We can't defund police, but we can take aim at root causes of crime, councillor says
Coun. Rawlson King says defunding the police 'not possible' in local context
An Ottawa city councillor says while it's not feasible to defund the Ottawa Police Service, it is possible to increase funding toward social programs that address the root causes of crime.
To that end, Rideau-Rockcliffe Coun. Rawlson King is calling on the federal government to put $15 million toward social service programming in the city.
"We need senior levels of government to provide the correct amount of funding to social services so that we can actually address the root causes of crime and the root causes of marginalization of neighbourhoods," King said.

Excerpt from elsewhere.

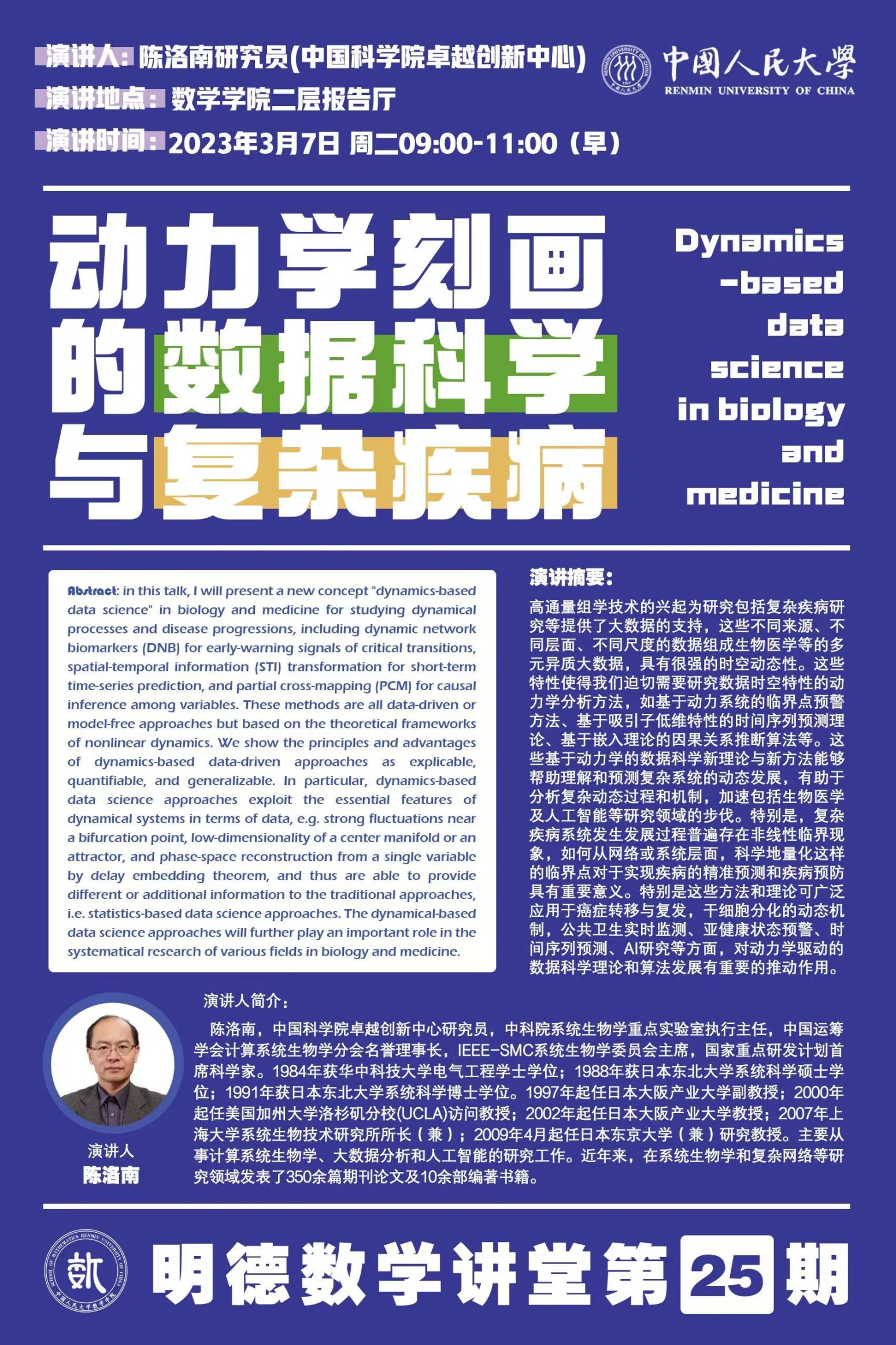 明德数学讲堂将于2023年3月7日上午9:00—11:00在ok1133快讯官方网站二层报告厅举行,本期邀请陈洛南研究员作“动力学刻画的数据科学与复杂疾病”的主题讲座,热烈欢迎所有感兴趣的老师和同学前来学习!

It's not straightforward to say we can take money from one envelope and put it into another.- Coun. Rawlson King
King said $5 million could go toward community health and resource centres, which provide health services integrated with employment help, food banks and other social supports.
He said those kinds of services help empower people to make the right choices for themselves and their neighbourhoods.
"When you have challenges, especially hunger, those are root causes of crime. If you don't have proper opportunities, educational opportunities, recreational opportunities, to enhance your position in life, you're going to make the wrong choices," he said.
King said as little as $5,000 could support an after-school program aimed at keeping young people on the right track, the kind of modest yet effective initiative he's seen struggle to maintain funding.
While defunding the police has become a popular rallying cry, King said it's impractical in the local and provincial context because city councils in Ontario are restricted in how they can direct local police services, and adequate police funding is written into the law.
"Structurally, it's not possible to defund the police in the manner that it is in the United States," King said. "It's not straightforward to say we can take money from one envelope and put it into another."
Last month, King, who is also Ottawa's first-ever liaison on anti-racism, asked city staff to lay out potential options for engaging the public on the subject of police reform.
In their response, staff said municipalities have limited control over the size and mandate of their police services, which fall under provincial jurisdiction. Ottawa's police services board controls the budget, and the Ontario Civilian Police Commission can overrule any cuts that are deemed detrimental to police fulfilling their legal requirements.
Building on success
Kelli Tonner, co-chair of the Coalition of Community Health and Resource Centres of Ottawa, said the centres are eager to be part of the conversation about improving social services and fighting anti-Black racism.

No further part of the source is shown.